Data mining techniques (8 articles)

Predicting metaheuristic performance on graph coloring problems using data mining

Smith-Miles, K., Wreford, B., Lopes, L., & Insani, N. (2013). In Hybrid metaheuristics (pp. 417-432). Springer, Berlin, Heidelberg.

A metaheuristic approach is introduced to find out which computer algorithms perform best for complex problems. As a case study, 5000 different graphs are randomly generated and two different graph coloring algorithms are applied to them. Viscovery SOMine is used to order the graphs by 16 graph measures and to analyze how the performance of the algorithms depends on these measures.

A discussion on visual interactive data, exploration using self-organizing maps

Moehrmann, J., Burkovski, A., Baranovskiy, E., Heinze, G. A., Rapoport, A., & Heidemann, G. (2011, June). In International Workshop on Self-Organizing Maps (pp. 178-187). Springer, Berlin, Heidelberg.

This article provides an overview of state-of-the-art software tools for self-organizing map-based visual data exploration. Viscovery SOMine gets best grades for data preprocessing and interaction with the map and above average grades for interaction with data and visualization, as well as label assignment.

Meta-learning of instance selection for data summarization

Smith-Miles, K. A., & Islam, R. M. (2011). In Meta-Learning in Computational Intelligence (pp. 77-95). Springer, Berlin, Heidelberg.

This article analyzes how to select a smaller subset from a large data set without losing much information. An instance selection method using k-means clustering is applied to 112 classification data sets with different compression rates. Viscovery SOMine is used to cluster the data sets with respect to their statistical properties and to analyze the classification accuracy of a naive Bayes classifier with respect to the compression rate. This model enables the optimal compression rate to be predicted for new data sets.

Generalising algorithm performance in instance space: a timetabling case study

Smith-Miles, K., & Lopes, L. (2011, January). In International Conference on Learning and Intelligent Optimization (pp. 524-538). Springer, Berlin, Heidelberg.

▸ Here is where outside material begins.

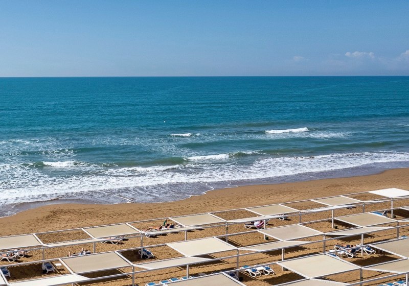 Colakli liegt Euch buchstäblich zu Füßen: Alba Royal Hotel befindet sich direkt am flach abfallenden Sandstrand, ideal für lange Strandspaziergänge und entspannte Badestunden. Bis Side sind es etwa acht Kilometer – ein kurzer Ausflug in antike Kulisse mit Hafenflair. In der nahen Umgebung erreicht Ihr Restaurants und Bars nach rund 200 Metern, Einkaufsmöglichkeiten ebenfalls nach etwa 200 Metern, ein Club liegt circa 500 Meter entfernt. So bleibt Ihr flexibel zwischen Strandtag und abendlichen Abstechern.

The performance of two timetabling algorithms is studied on a mix of 21 real-world and 8178 computer generated timetabling problems of university courses. The timetabling problems are characterized by 21 meta-features (such as number of courses, number of rooms, graph- theoretical measures) and clustered with Viscovery SOMine. The resulting model shows how real world and computer generated problems differ and which algorithm performs better for which kind of problems in terms of the meta-features.

Characteristic-based clustering for time series data

Wang, X., Smith, K., & Hyndman, R. (2006). Data mining and knowledge Discovery, 13(3), 335-364.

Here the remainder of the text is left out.